The following example shows that the feasible set of the convergence factor μ of iterative scheme (2.2)–(2.4) maybe not the interval $$(0,4)$$.

### Example 2.1

Consider the Lyapunov matrix equations $$AX+XA^{\top }=C$$ with

$$A= \begin{bmatrix} 2& -1 \\ 1& 1 \end{bmatrix} , \qquad C= \begin{bmatrix} -1&-5 \\ 16&16 \end{bmatrix} .$$

The numerical results of iterative scheme (2.2)–(2.4) with $$\mu =1, 0.99, 0.2$$ are plotted in Fig. 1, in which

$$\operatorname{Error}(k)= \bigl\Vert AX(k)+X(k)A^{\top }-C \bigr\Vert .$$

From the three curves in Fig. 1, we find that: (1) iterative scheme (2.2)–(2.4) with $$\mu =1$$ is divergent, while iterative scheme (2.2)–(2.4) with $$\mu =0.99, 0.2$$ is convergent; (2) the constant 1 maybe the upper bound of μ for this example; (3) smaller convergence factor often can accelerate the convergence of iterative scheme (2.2)–(2.4).

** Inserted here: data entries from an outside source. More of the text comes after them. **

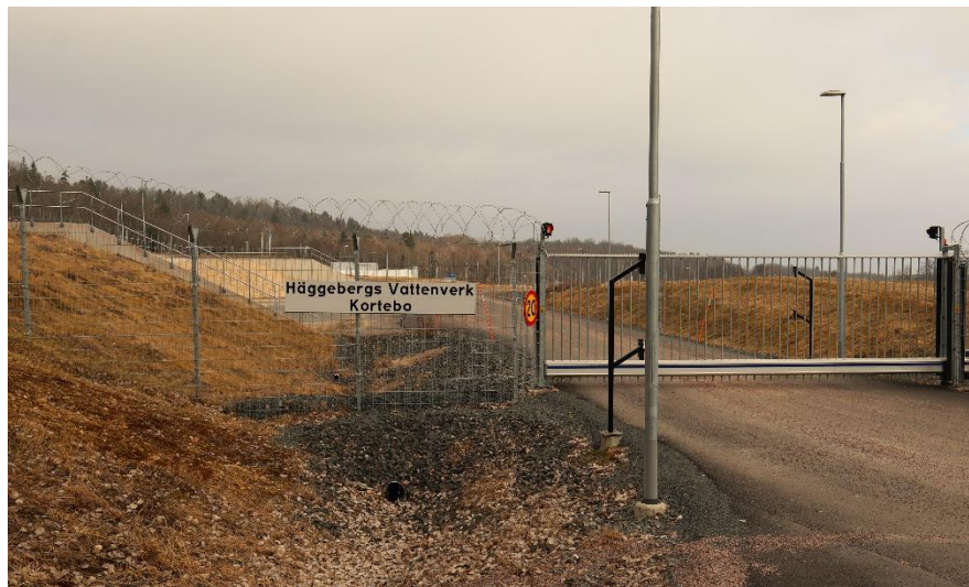
Intill infarten och grinden till Häggebergs Vattenverk , som geografiskt ligger på Granbäcks mark, Bankeryd.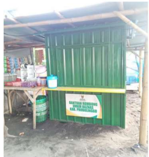
Gambar 3 warung dan rombongan bantuan UMKM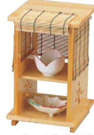
⑥ 困近江路すだれ付(本体のみ) 1-317-7 ¥18,500 (15×15×23) 梱20 A 團 チュールリップ珍珠ピンク ¥1,900 B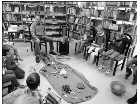
Klanghütte Dresden – ein musikalisches Märchen

Für den Medieneinkauf erhielten wir Fördermittel in Höhe von 8.000 €. Mit dem Eigenanteil der Stadt standen insgesamt 14.100 € zur Verfügung. So wurde es möglich, zügig auf aktuelle Trends und Kundenwünsche zu reagieren. Ein Grund mehr, sich unsere Angebote anzuschauen!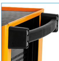
Tirador ergonómico y revestido de goma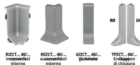
RIZCT... 40/... innarrodel interno REZCT... 40/... ausaerordtel esterno GIZCT... 40/... yarbznater TPZCT... 40/... Endtappen di chiusura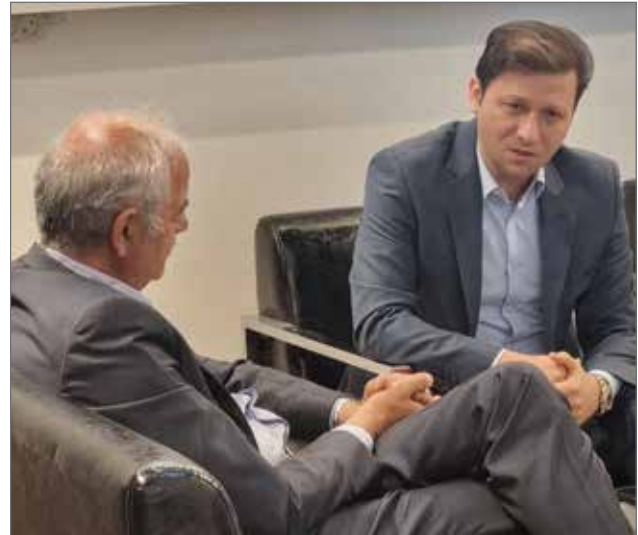
● حضور پیشکسوتان صنعت و تولید در غرفه مهیا - اکسپو ۲۰۲۴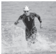
NZからの招待選手がみなと酒田トライアスロンおしんレースに参加(以降毎年招待予定)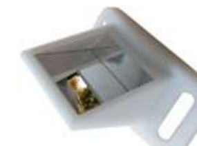
Vizzzz, le miroir aérodynamique rend les cyclistes et les triathlètes plus performants, sur T'enrev.com.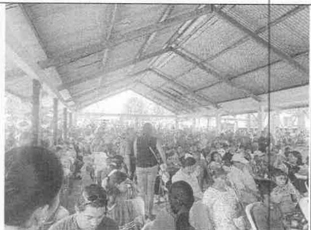
Ilustración 4: Evidencia de que la comunidad emitió sus comentarios e inquietudes.

A continuación, se anexa la lista de asistencia del Foro público realizado en el corregimiento de Calovébora, Distrito de Santa Fé, Provincia de Veraguas, correspondiente al proyecto denominado “ LÍNEA CHIRIQUI GRANDE-PANAMA III, 500 KV ”, a desarrollarse en las provincias de Bocas del Toro, Comarca Ngäbe Bugle (Región Nö Kribo), Provincia de Veraguas, Provincia de Coclé, Provincia de Colón, Provincia de Panamá Oeste y Provincia de Panamá, cuyo promotor es la EMPRESA DE TRANSMISIÓN ELÉCTRICA, S.A. (ETESA) .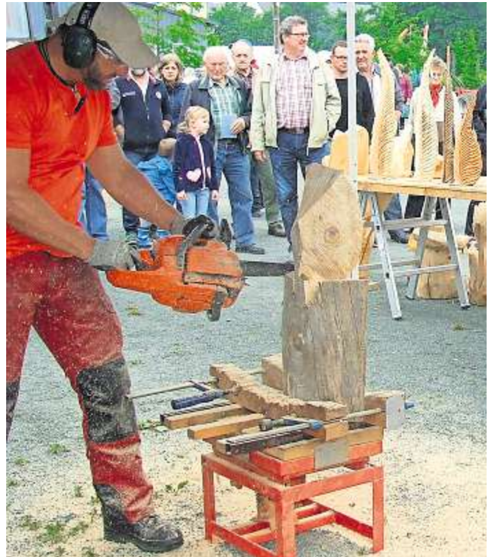
Holzskulpturen werden künstlerisch.

Weitere Infos im Internet oder Facebook unter holzforum-schwarzenbach-wald.de .

Based on iterative scheme (2.2)–(2.4), we propose the following modified least-squares iterative algorithm.

The iteration $$X_{1}(k)$$ is defined the same as in (2.2), while the iterations $$X_{2}(k)$$ and $$X(k)$$ are defined as

\begin{aligned}& X_{2}(k)=X(k-1)+\mu \bigl(A^{\top }A \bigr)^{-1}\bigl[C-AX(k-1)-X(k-1)A^{\top }\bigr]A, \end{aligned}
(2.5)
\begin{aligned}& X(k)=\frac{X_{1}(k)+X_{2}(k)}{2}. \end{aligned}
(2.6)

The initial matrix $$X(0)$$ can also be taken as any matrix $X0∈Rm×m$.

### Remark 2.1

Modified least-squares iterative algorithm (2.2), (2.5), and (2.6) involves the inverse of the matrix $$A^{\top }A$$. However, since this term is invariant in each iteration, we need only compute it once before all iterations.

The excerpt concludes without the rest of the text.